A partir dessa noção Durand (1980) afirma que a separação entre razão e imaginação decorreu de um processo de mono-polização da razão em detrimento da imaginação, considerada a “louca da casa”. Nesses termos, é falsa a separação entre razão e imaginação, pois o simbólico se inscreve de maneira profunda na alma humana.
Ancorado numa lógica dialógica, do tertium datum[2], lógica que se aproxima da intuição imemorial da gnose, Durand (1995:20) entende que
...não há um corte separando o sujeito do objeto, o imaginário da razão, o sagrado do profano. Não porque um dos termos de nossos dualismos ancestrais se reduziria ao outro, mas porque são ambos significantes de um mesmo significado – tertium datum – que os estrutura aos dois.
O terceiro termo, ou seja, o significado é, em última instância, o que Durand (1998) chama de “humano absoluto”, ao mesmo tempo irredutivelmente único e plural e que, no meu entender, nada mais é do que o Sentido. Buscar o sentido é o aprendizado, inscrito no grande círculo desenhado pela polaridade, que nunca se completa:
(...) Por que buscamos
coerência e sentido?
Por que buscamos a
a ponte e a passagem?
Que dêem acesso a todos os outros –
           e seus mistérios? (Beatriz Fétizon: 2001:45)
Buscar Sentido, encontrar o significado, nos remete à dimensão do simbólico, pois simbolizar significa descobrir o sentido. É própria do ser humano a atitude simbolizadora. Segundo Hollis (1997) os homens apresentam, como parte de sua constituição essencial, um processo de natureza estruturante que lhes permite ordenar o caos, estabelecendo um relacionamento significativo com o mundo.
Ao impor, através dos mitos, uma estrutura ao caos aparente, o imaginário coloca o homem em relação de significado com o mundo, com o Outro e consigo mesmo. O imaginário é um mapa com o qual lemos o mundo, pois o real é uma construção imaginária.

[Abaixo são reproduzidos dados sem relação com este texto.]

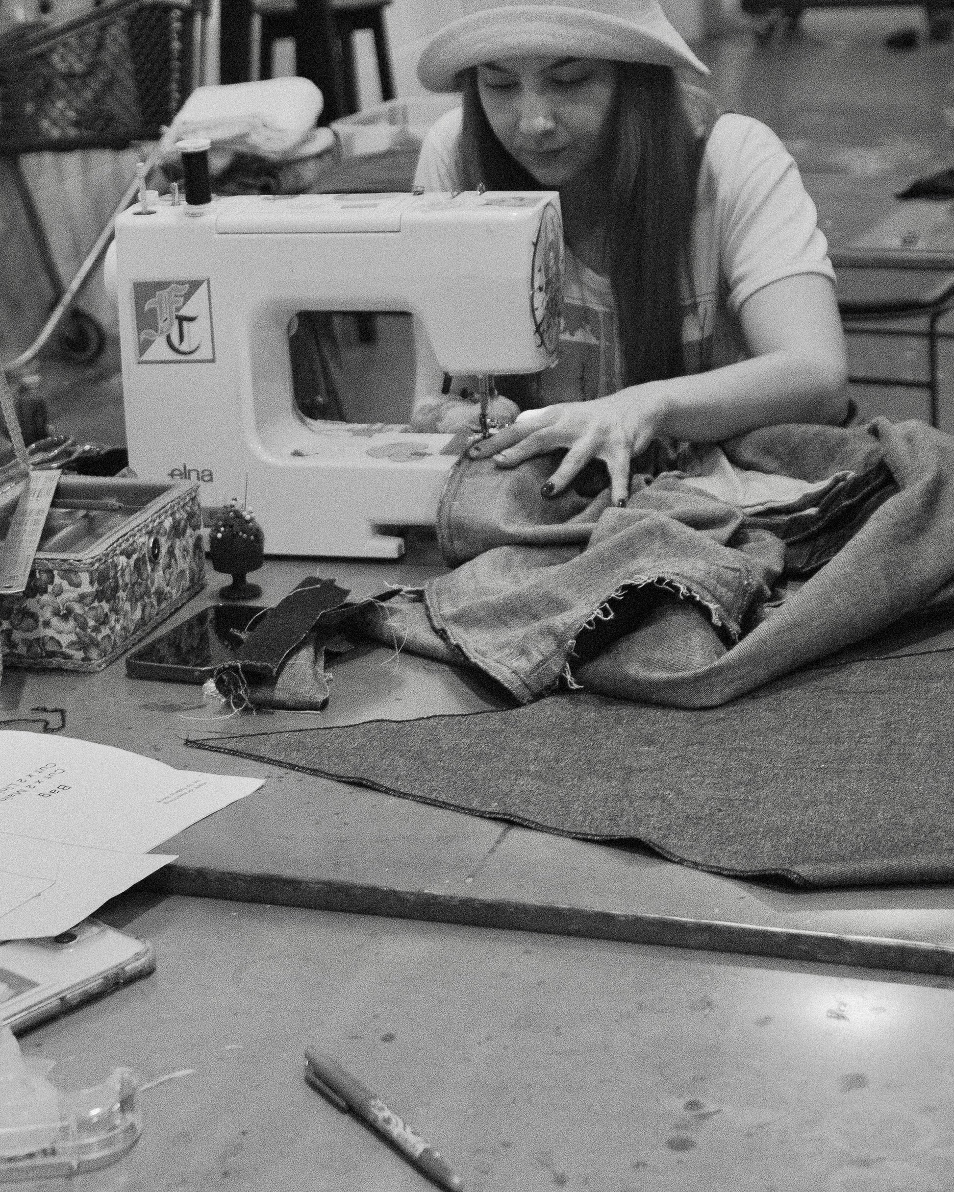 Founder of a hop and a skip, Laura holds an Advanced Diploma in Fashion Design and has worked across both fashion and costume. She specialises in garment and accessories construction, creative problem-solving, and upcycling — repurposing what’s available to create beautiful new pieces. She has taught large groups at festivals and individuals in her studio, and is passionate about bringing sewing back from the factories and into your hands.

Nessa organização imaginária, cabe à imagem, entendida como representação concreta, sensível, de um objeto material ou ideal, presente ou ausente do ponto de vista perceptivo, (Wunenburger:1997), um papel eminentemente mediador e relacional, evidenciando o dinamismo do imaginário.
As imagens são produzidas no “trajeto antropológico”[3], que nada mais é do que relação, trajetividade, entre os pólos biopsíquico (pulsões subjetivas) e sociocultural (intimações do meio). O trajeto põe em relação uma representação ou atitude humana, aquilo que vem do psicofisiológico, e o que vem da sociedade e da sua história, impedindo “epistemologicamente”, a dominância de um sobre o outro (Durand, 1980). Da mesma forma, resolve o problema da anterioridade ontológica de um dos pólos, pois postula, de uma vez por todas, segundo Durand (1997), a gênese recíproca que oscila do gesto pulsional ao entorno material e social e vice-versa. É na trajetividade que a representação do objeto se deixa assimilar e modelar pelos imperativos pulsionais do sujeito e, reciprocamente, as representações subjetivas explicam-se pelas acomodações anteriores do sujeito ao meio objetivo. A pulsão individual tem sempre um “leito social” no qual corre facilmente ou, pelo contrário, luta contra os obstáculos, de modo que o sistema projetivo da libido nunca é pura criação do sujeito, uma mitologia pessoal (Durand, 1997).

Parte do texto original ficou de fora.